EXERCISE INSTRUCTIONS: Copy out the whole listing exactly as written, leaving the pictures behind.

GIVEN MATERIAL Block Start

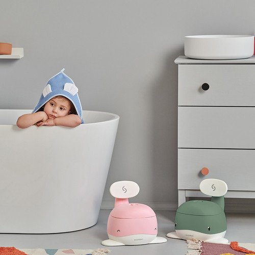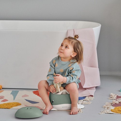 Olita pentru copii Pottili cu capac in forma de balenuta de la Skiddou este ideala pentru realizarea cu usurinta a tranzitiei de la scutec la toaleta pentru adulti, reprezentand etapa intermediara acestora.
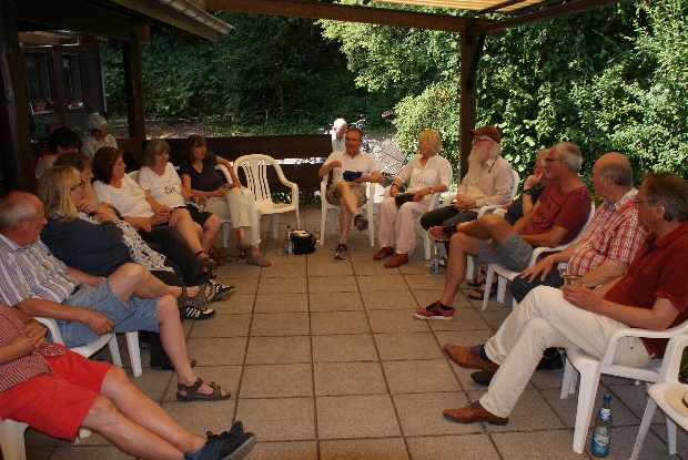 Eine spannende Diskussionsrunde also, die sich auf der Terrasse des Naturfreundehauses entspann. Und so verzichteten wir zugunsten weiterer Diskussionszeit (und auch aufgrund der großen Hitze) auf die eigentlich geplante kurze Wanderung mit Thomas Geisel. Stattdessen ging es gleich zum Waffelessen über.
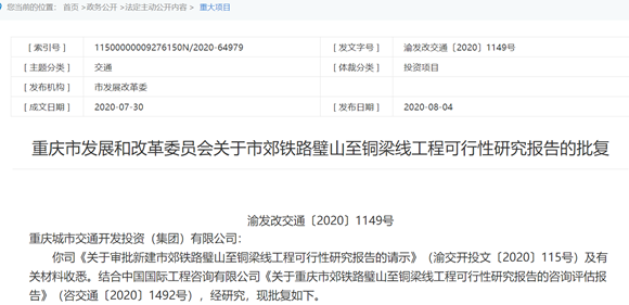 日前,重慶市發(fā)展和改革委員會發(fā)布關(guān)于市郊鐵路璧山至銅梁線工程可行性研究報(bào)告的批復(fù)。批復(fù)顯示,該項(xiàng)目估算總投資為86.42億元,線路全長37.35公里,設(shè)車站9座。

GIVEN MATERIAL Block End

EXPECTED ANSWER:
 Olita pentru copii Pottili cu capac in forma de balenuta de la Skiddou este ideala pentru realizarea cu usurinta a tranzitiei de la scutec la toaleta pentru adulti, reprezentand etapa intermediara acestora.
 Eine spannende Diskussionsrunde also, die sich auf der Terrasse des Naturfreundehauses entspann. Und so verzichteten wir zugunsten weiterer Diskussionszeit (und auch aufgrund der großen Hitze) auf die eigentlich geplante kurze Wanderung mit Thomas Geisel. Stattdessen ging es gleich zum Waffelessen über.
 日前,重慶市發(fā)展和改革委員會發(fā)布關(guān)于市郊鐵路璧山至銅梁線工程可行性研究報(bào)告的批復(fù)。批復(fù)顯示,該項(xiàng)目估算總投資為86.42億元,線路全長37.35公里,設(shè)車站9座。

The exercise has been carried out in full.